The change to the PHP code is making use of PHP's json_encode function to print out the id of the business to which the note was added as well as the actual note text. In the javascript code, I added the dataType of 'json' to tell the script what format of response to expect. Once the request is received in the success callback, the data variable is an object with the values we passed through json_encode. So data.id has the business id and data.note has the new note. Using jQuery's html() manipulation function, the inner html of the div is updated to the latest note. The div selector uses the id we passed, so we can update the corresponding div.
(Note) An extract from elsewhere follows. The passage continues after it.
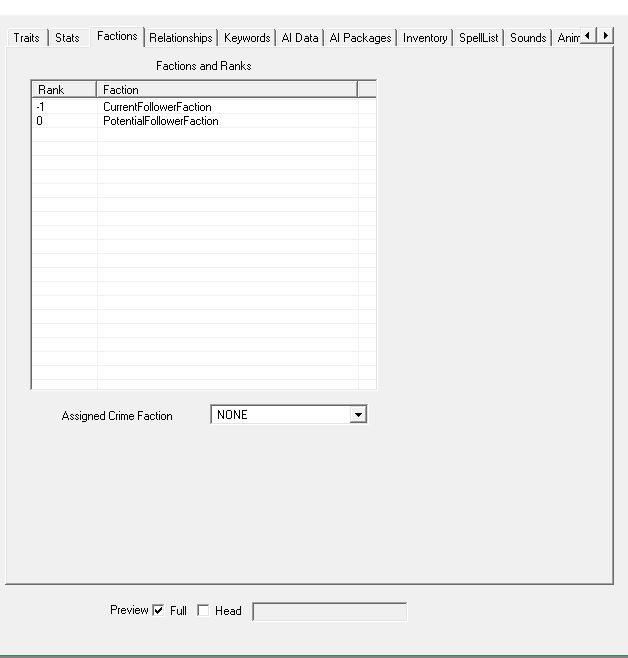 Frankly, if you set this value as anything other than -1 it’s unlikely that your follower will work at all. Do it right and your factions screen should end up looking like this: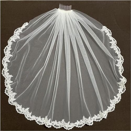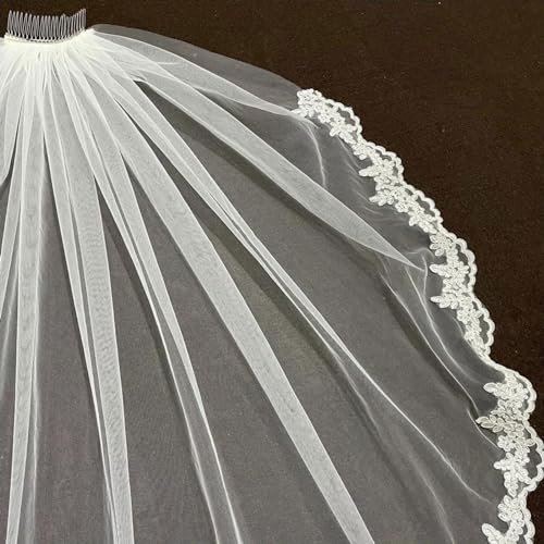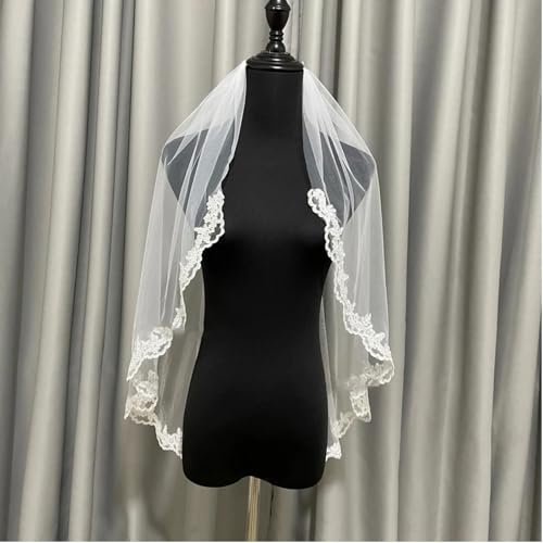 Short One-Layer Lace wedding Bridal Veil Elbow length...

Also, this is slightly off topic, but make sure you always use mysql_real_escape_string when putting values into a query like you are. If you do not use this, your queries will be vulnerable and susceptible to injection attacks, and they are not pretty. If a customer decided to enter a note value of ');DROP TABLE businesses; you'd really feel the pain. Preferably, switch to PDO or MySQLi and use prepared statements, as they are the 'correct' way of doing queries nowadays.